◆ GIVEN DATA ◆
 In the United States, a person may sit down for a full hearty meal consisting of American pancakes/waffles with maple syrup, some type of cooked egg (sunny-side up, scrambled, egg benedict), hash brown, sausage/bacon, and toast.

---

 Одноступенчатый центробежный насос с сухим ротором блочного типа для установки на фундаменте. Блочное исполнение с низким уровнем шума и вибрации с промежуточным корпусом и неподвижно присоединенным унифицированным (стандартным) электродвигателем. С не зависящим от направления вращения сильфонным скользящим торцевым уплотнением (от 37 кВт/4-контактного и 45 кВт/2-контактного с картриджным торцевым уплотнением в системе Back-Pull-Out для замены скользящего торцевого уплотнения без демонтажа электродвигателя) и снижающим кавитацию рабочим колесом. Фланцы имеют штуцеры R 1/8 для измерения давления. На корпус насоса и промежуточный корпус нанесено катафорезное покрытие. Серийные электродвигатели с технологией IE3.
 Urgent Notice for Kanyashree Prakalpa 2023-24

--

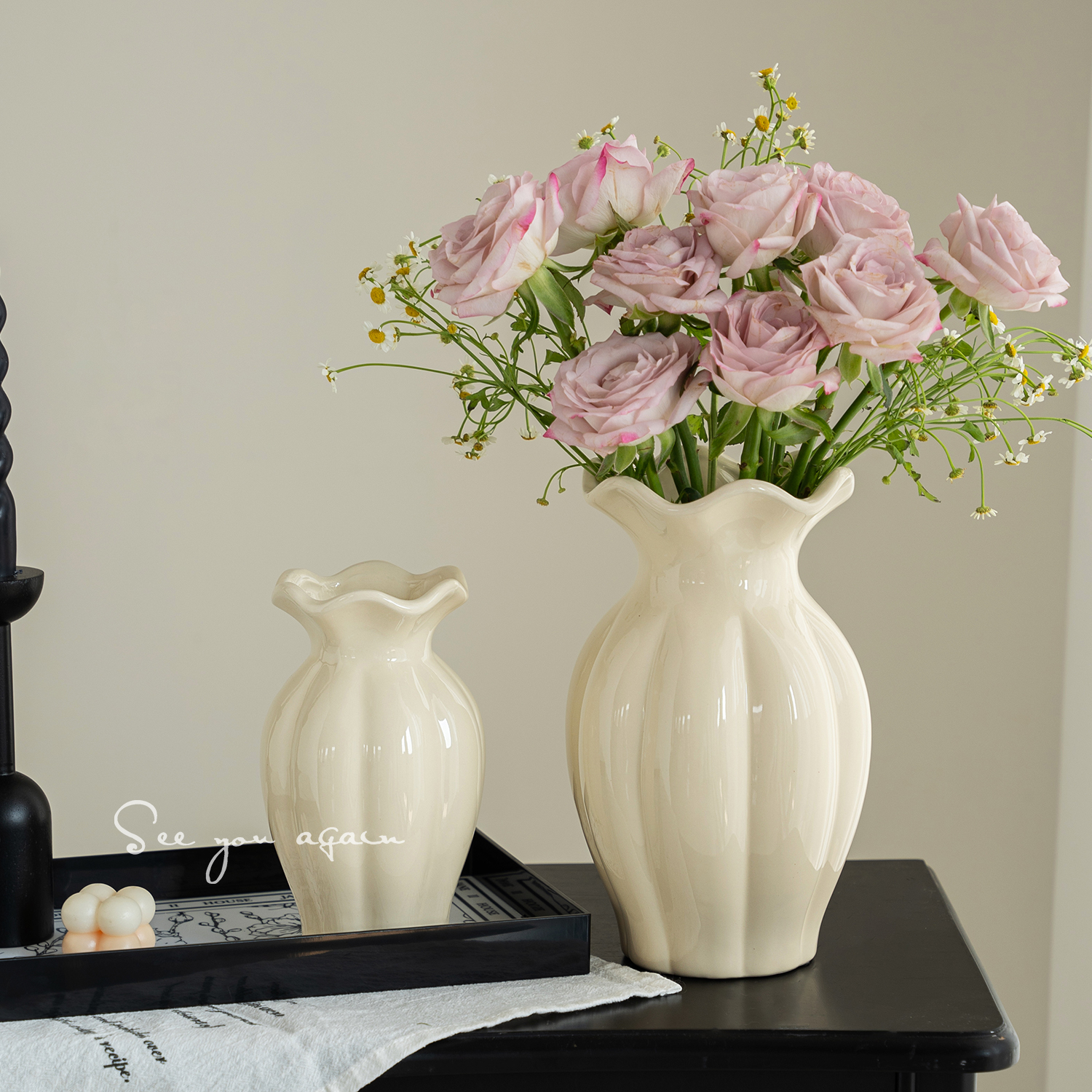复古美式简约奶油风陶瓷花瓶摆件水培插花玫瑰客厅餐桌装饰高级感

◆ WHAT YOU ARE ASKED TO DO ◆
The required answer is the exact run of lines above starting at the line with "Одноступенчатый центробежный насос" and ending at the line with "Urgent Notice for", with both ends present.

◆ EXERCISE RESULT ◆
 Одноступенчатый центробежный насос с сухим ротором блочного типа для установки на фундаменте. Блочное исполнение с низким уровнем шума и вибрации с промежуточным корпусом и неподвижно присоединенным унифицированным (стандартным) электродвигателем. С не зависящим от направления вращения сильфонным скользящим торцевым уплотнением (от 37 кВт/4-контактного и 45 кВт/2-контактного с картриджным торцевым уплотнением в системе Back-Pull-Out для замены скользящего торцевого уплотнения без демонтажа электродвигателя) и снижающим кавитацию рабочим колесом. Фланцы имеют штуцеры R 1/8 для измерения давления. На корпус насоса и промежуточный корпус нанесено катафорезное покрытие. Серийные электродвигатели с технологией IE3.
 Urgent Notice for Kanyashree Prakalpa 2023-24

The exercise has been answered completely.